Read full story @ Effect Of Weed Legalization On Mexico Drug War - Business Insider 

*If the trend continues and we find states legalizing not only pot but other drugs, it will mean the market dries up and the drug cartels begin to lose their incomes.
What will happen south of our border? And, will the violence spill over into the USA?*


----------



## Katzndogz

The United States will incrementally legalize all drugs.


----------



## Dreamy

I hope this brings forth and honest review of the never ending it would seem and truly laughable "War on Drugs". Sometimes it feels as if the Cartels and the US government are actually on the same side.


----------



## Katzndogz

There has never been a war on drugs.  There's been an accomodation of drugs but no war on drugs.   We intend to deal with drugs like we do with illegal immigration.   Cure the problem by legalizing it.

The war on drugs could have been won decades ago by allowing users to experience the consequences of their drug use.  No benefits, no medical care, no requirements of employers to keep users on the payroll.  A few hundred drug users gasping out their last in gutters and alleys would do more to discourage drug use than any law.

Oklahoma is the latest state to deny benefits to drug users.   
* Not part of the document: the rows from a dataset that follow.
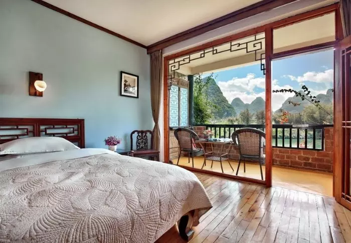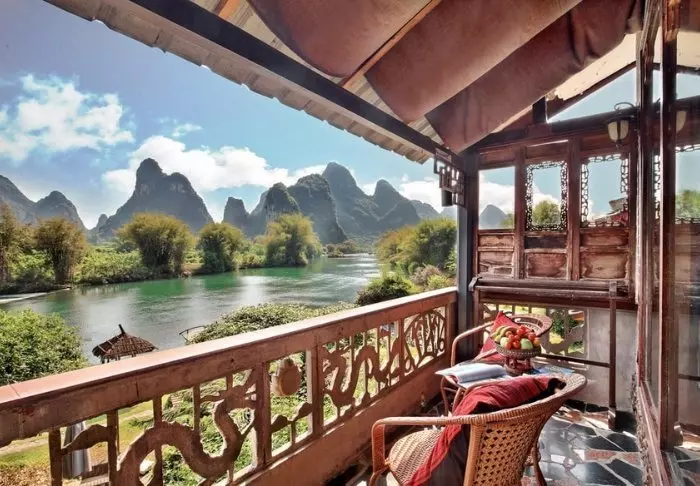 Lidt uden for Yangshuo finder du det fredfyldte Yangshuo Mountain Retreat i betagende omgivelser blandt frodige træer og grønne kalkstensbjerge ved Yulong-flodens bred. Her kan du virkelig finde din indre ro, mens du suger den pragtfulde natur til dig.
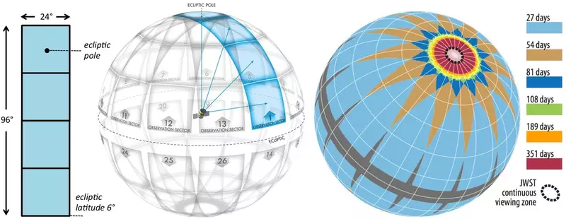 Секторы обзора TESS и время их обзора, от 27 до 351 сутокИсточник: https://commons.wikimedia.org/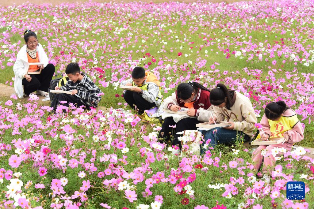 11月4日,在湖南省常德市澧縣城頭山國家考古遺址公園,學生在花海里寫生。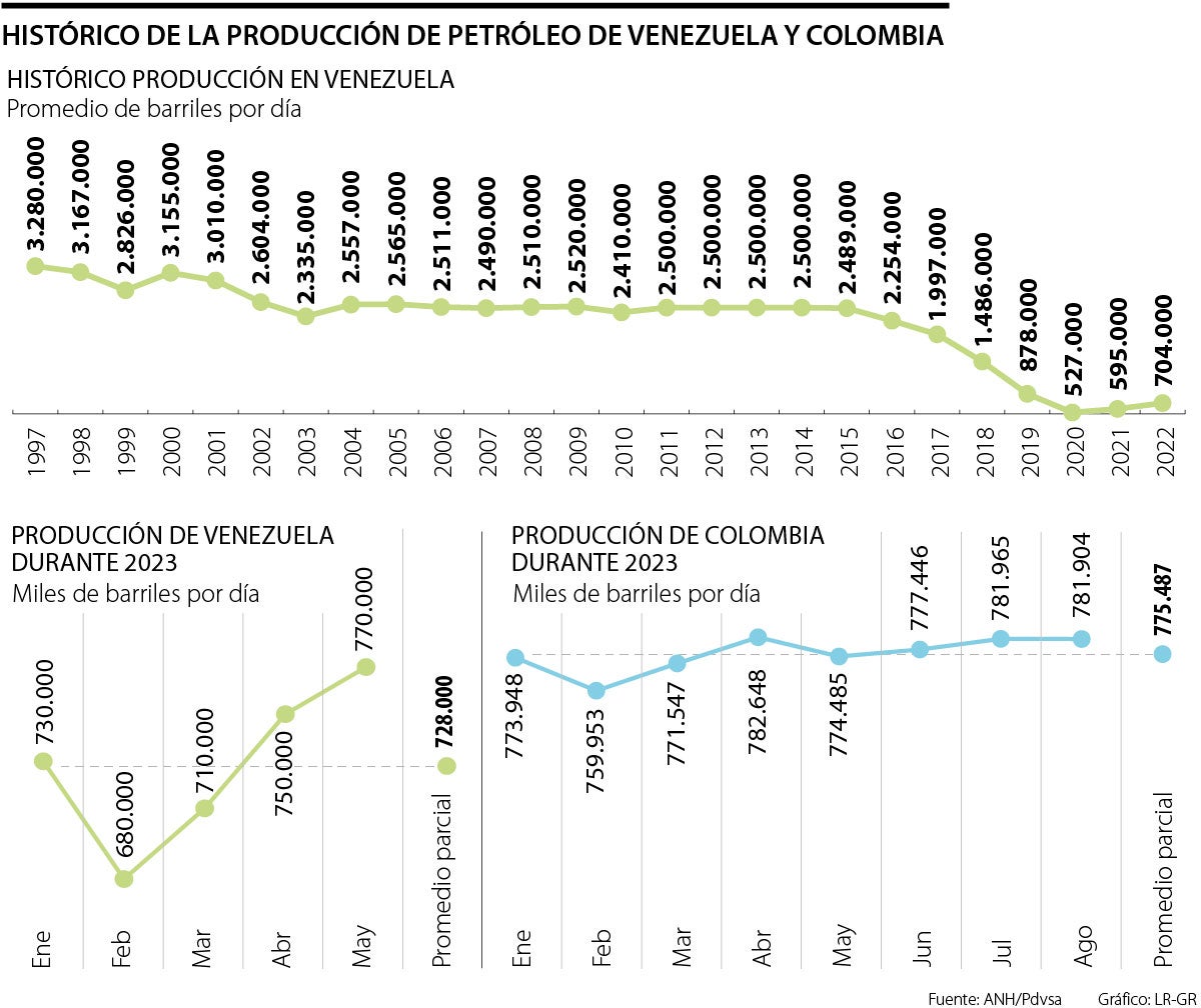 Hoy Colombia, según la Agencia Nacional de Hidrocarburos produce más de 781.904 barriles de petróleo por día, fecha del último registro con corte hasta agosto. Mientras que Venezuela, su último dato oficial corresponde a 770.000 barriles al día. La producción colombiana ha mantenido un promedio de 775.487 barriles, y la venezolana 728.000, aunque analistas creen que el país vecino está más cerca de superar los 800.000, luego de la flexibilización de sanciones de Estados Unidos a Pdvsa.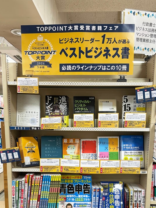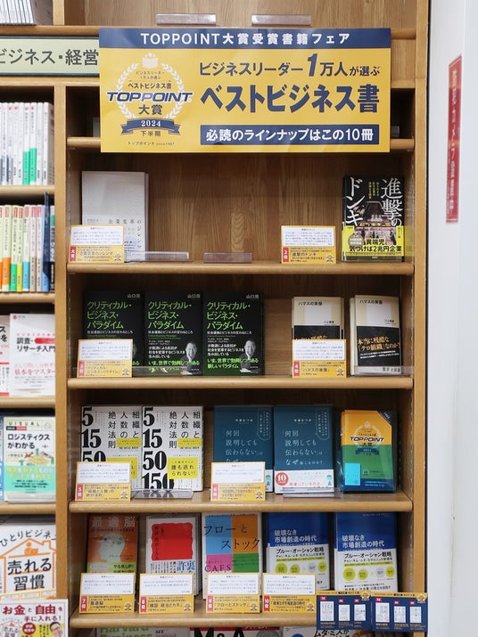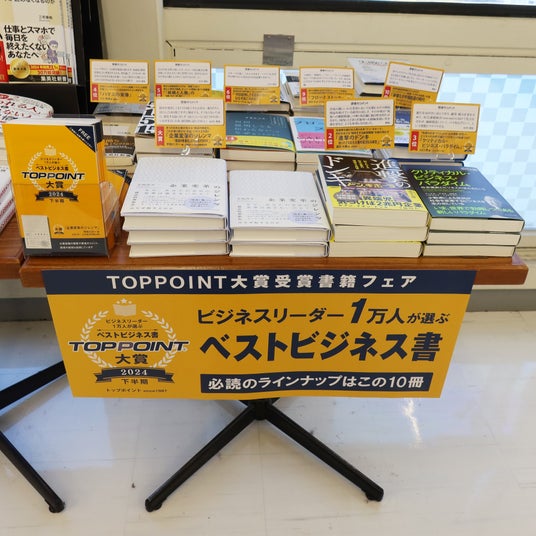 本賞の決定に伴い、丸善ジュンク堂書店・文教堂・未来屋書店の主要大型店約50店舗にて「TOPPOINT大賞受賞書籍フェア」を開催します。フェアでは、ベスト10冊に選ばれた各書籍を、その書籍の読みどころや読者のコメントを記したPOPと並べて展開。また、本賞の概要を紹介した小冊子(無料)も配布します。開催期間は、8月1日(金)より1カ月間の予定です。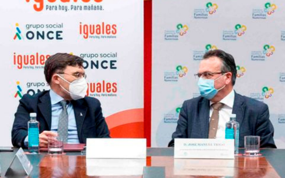 Fundación ONCE y la Federación Española de Familias Numerosas (FEFN) han firmado un convenio de colaboración para mejorar la formación y el acceso al empleo de las personas con discapacidad y, con ello, su inclusión social.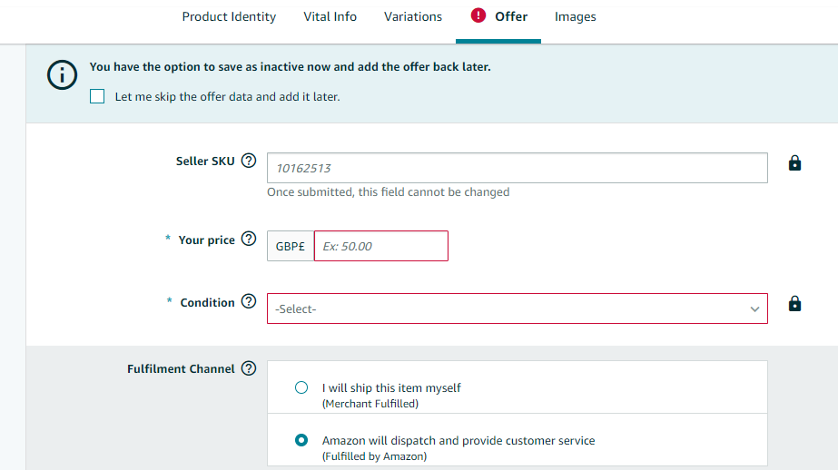Input the product SKU, price, condition and how you will fulfil the product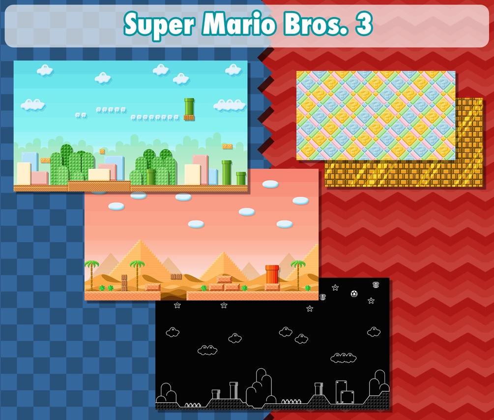 This mega package contains a collection of high quality images referencing classic levels from Mario and Sonic.

Oklahoma Governor Mary Fallin Signs Welfare Drug-Testing Bill - NewsOn6.com - Tulsa, OK - News, Weather, Video and Sports - KOTV.com |

Using drugs must be made to be very unattractive.    That will end drug use, not sending them to rehab, counseling and community service.


----------



## thanatos144

Legal Pot was one of the main reasons Liberaltarins hate the republican party...They Ignorantly think Democrats will do it LOL When has democrats ever wanted freedom of any kind?


----------



## Katzndogz

thanatos144 said:


> Legal Pot was one of the main reasons Liberaltarins hate the republican party...They Ignorantly think Democrats will do it LOL When has democrats ever wanted freedom of any kind?
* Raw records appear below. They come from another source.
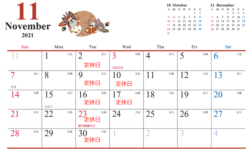 ☆11月の定休日ご案内です☆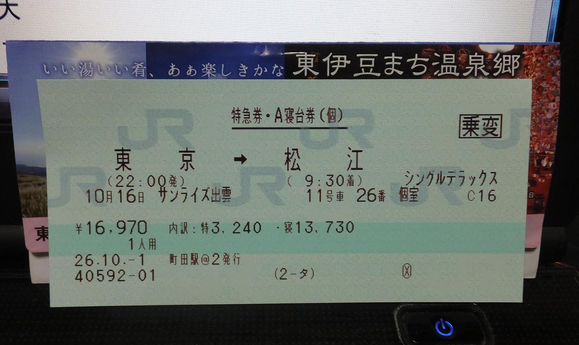 払い戻さなくてよかった東京発下りのA寝台個室のチケット。(台風でバタバタ を参照)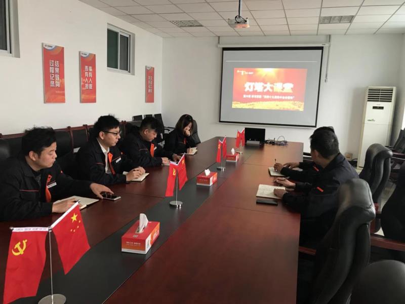 为深入学习领会十九届四中全会精神12月9日上午,山东德和地热开发有限公司党支部以“主题党日”形式组织党员收看学习以“学习贯彻党的十九届四中全会精神”为主题的灯塔大课堂第六课内容。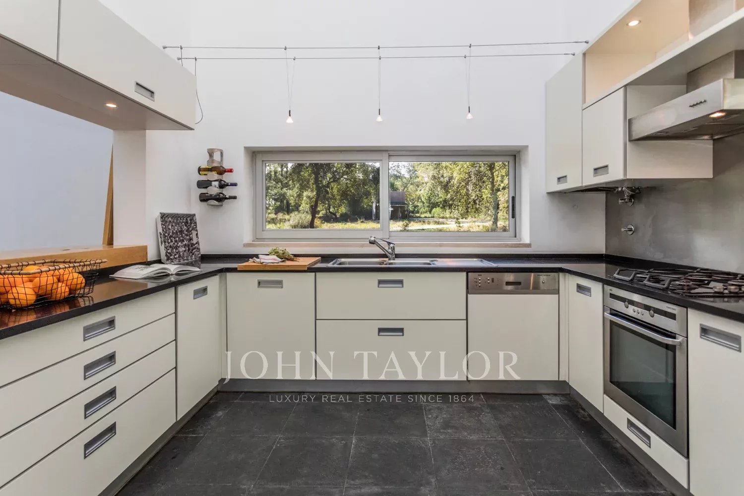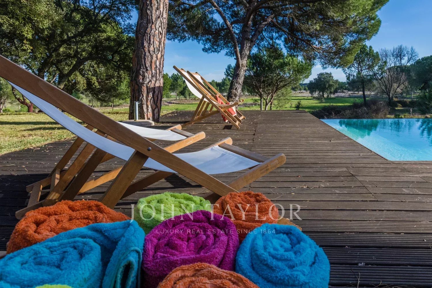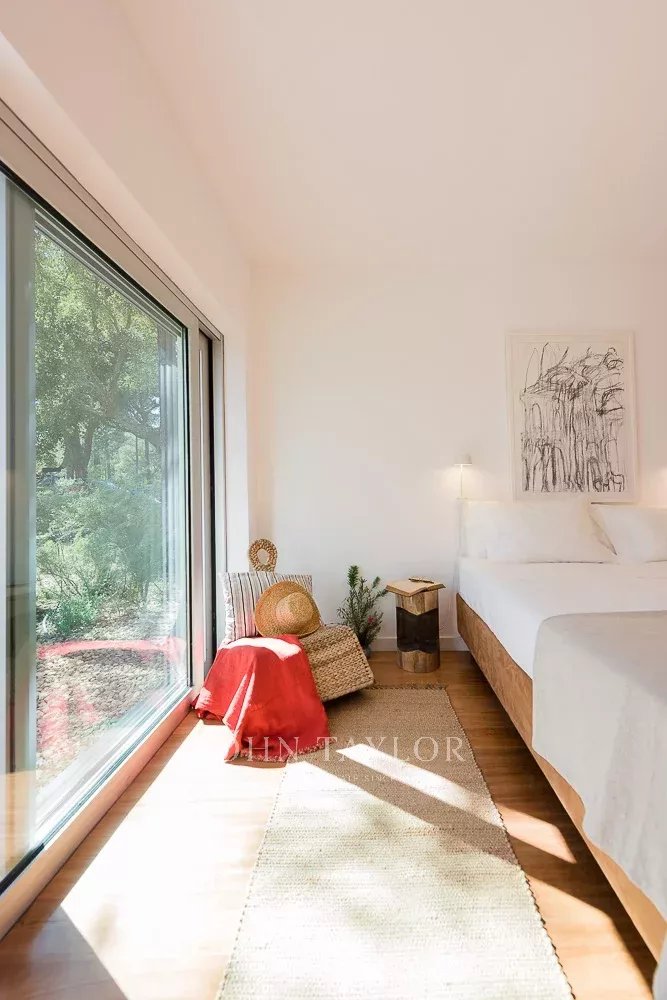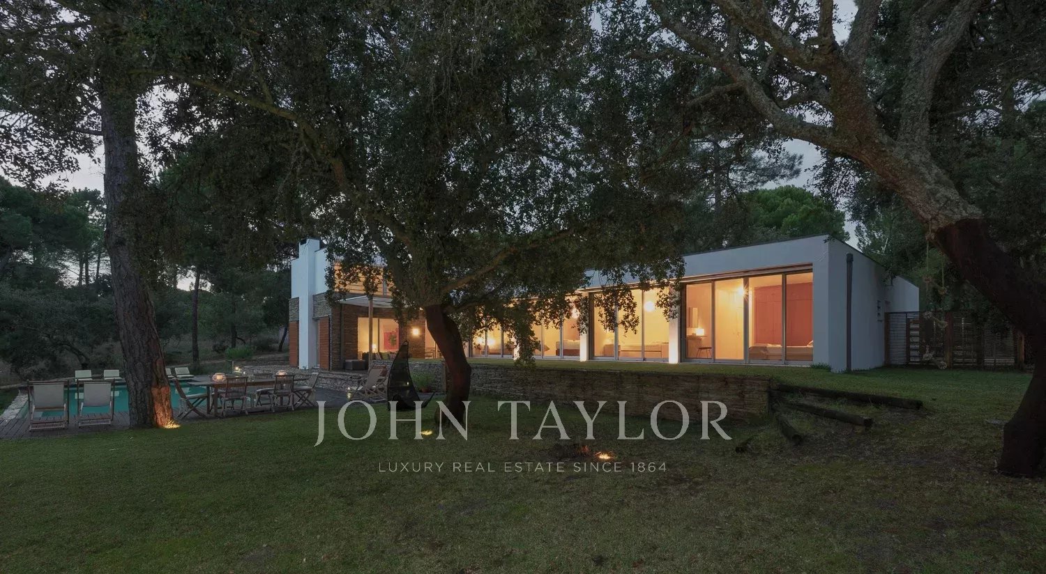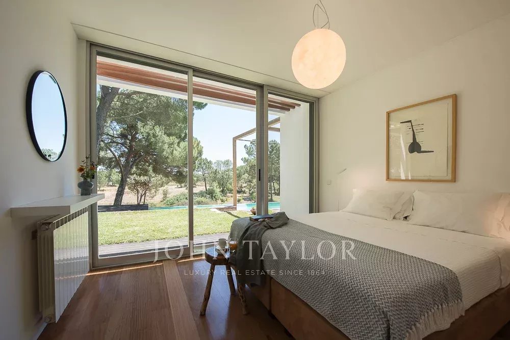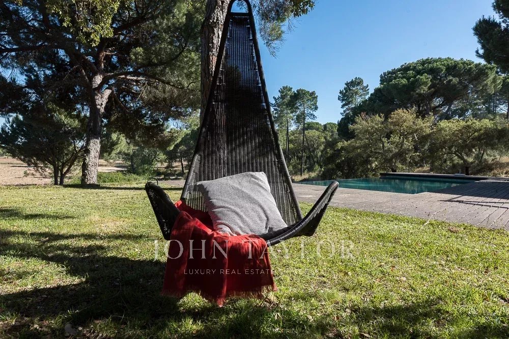 Its interior is cozy, with neutral tones and contemporary furnishings that enhance the feeling of tranquility, consisting of five bedrooms, two double bedrooms en suite, one double bedroom and two single bedrooms, with a fully equipped kitchen, integrated living room and dining room. Outside there is a pleasant deck with a large table perfect for enjoying a pleasant family meal, a swimming pool and various green spaces where you can enjoy contact with nature, surrounded by cork oaks and pine trees.

A drugged society is far more complicit than one that has their wits about them.  Drug users are remarkably easy to control.   Control the drug, control of the person goes right along with it.  

Read Brave New World.


----------



## Dreamy

Katzndogz said:


> There has never been a war on drugs.  There's been an accomodation of drugs but no war on drugs.   We intend to deal with drugs like we do with illegal immigration.   Cure the problem by legalizing it.
> 
> The war on drugs could have been won decades ago by allowing users to experience the consequences of their drug use.  No benefits, no medical care, no requirements of employers to keep users on the payroll.  A few hundred drug users gasping out their last in gutters and alleys would do more to discourage drug use than any law.
> 
> Oklahoma is the latest state to deny benefits to drug users.
> 
> Oklahoma Governor Mary Fallin Signs Welfare Drug-Testing Bill - NewsOn6.com - Tulsa, OK - News, Weather, Video and Sports - KOTV.com |
> 
> Using drugs must be made to be very unattractive.    That will end drug use, not sending them to rehab, counseling and community service.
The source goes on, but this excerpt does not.